Steve Grunwell

Open-source contributor, speaker, and electronics tinkerer

T-Pro Solutions

From a development perspective, T-Pro Solutions is a pretty typical marketing site: hero carousel, big banner images on each page, and some calls-to-action. There’s nothing wrong with a site like this, but they’re not always the most exciting to build. T-Pro’s site, however, has a little bit of magic under the hood that’s worth sharing.
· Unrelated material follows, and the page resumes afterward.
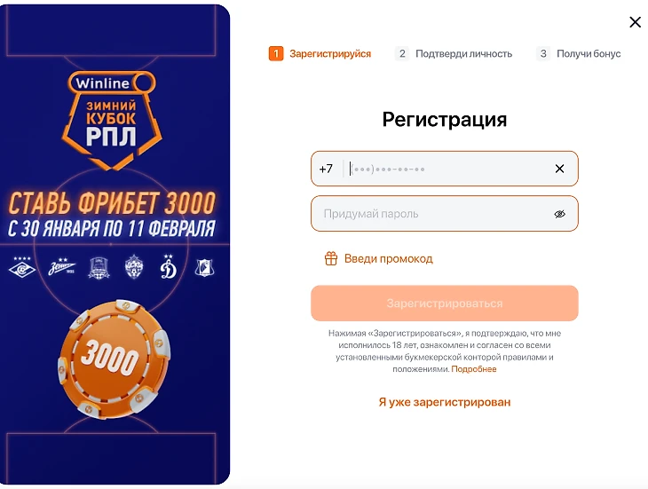 После установки приложения на телефон потребуется запустить его и пройти регистрацию. В букмекерской конторе Winline в форме регистрации всего два поля:

During the project kick-off, it was revealed that T-Pro Solutions wanted to present a lead-capture form before users could watch their marketing videos. While I object to any sort of “give us your information before you can make any decisions about our product and/or service”-type of interruption, T-Pro’s hook was at least a challenge: besides capturing the viewers’ information, members of competitors’ teams should be denied access to the videos.

To pull this off, I registered a custom post type of “Private Videos”, which collected an oEmbed-enabled URL (in this case, all the client videos were on a domain-restricted Vimeo account), a title, and a post thumbnail (which would serve as the poster frame). Videos were embedded using the [private-video] shortcode, which accepted a post ID, resulting in the poster frame being embedded with a faux “Play” button overlay, linked to an action on wp-admin/admin-ajax.php (the main interface for Ajax actions in WordPress).

Upon hitting admin-ajax.php (either via Ajax or directly, if JavaScript is disabled) we check for cookies and, if the user hasn’t yet submitted the lead capture form, they are shown (or redirected to) the appropriate Gravity Form. Upon completion of the lead capture form, the user is then shown the requested media (replaced inline when JavaScript is available).

When the cookie is found or the form submitted, the user’s email address is checked against the blacklist of addresses and domains. If the email address fails the blacklist check, alternative content (we recommended a generic “this content is unavailable”-type of message, though it could just as easily be “get lost!” if T-Pro was feeling saucy).

It’s not a bullet-proof system (all a competitor would need to do is use a personal email address and the blacklist would be subverted), but it met the client’s need to protect some of their content from competitors. Overall, we’ve received very positive feedback from T-Pro Solutions on the project, which is leaps and bounds beyond their previous site.

Beyond the private videos, T-Pro Solutions is a responsive, totally custom WordPress theme with styles written in Compass and assets compiled via Grunt. Most of the theme assets are SVGs for maximum flexibility across screen sizes and resolutions. Advanced Custom Fields powers the carousels, per-page sidebars, and a few other dynamic content areas.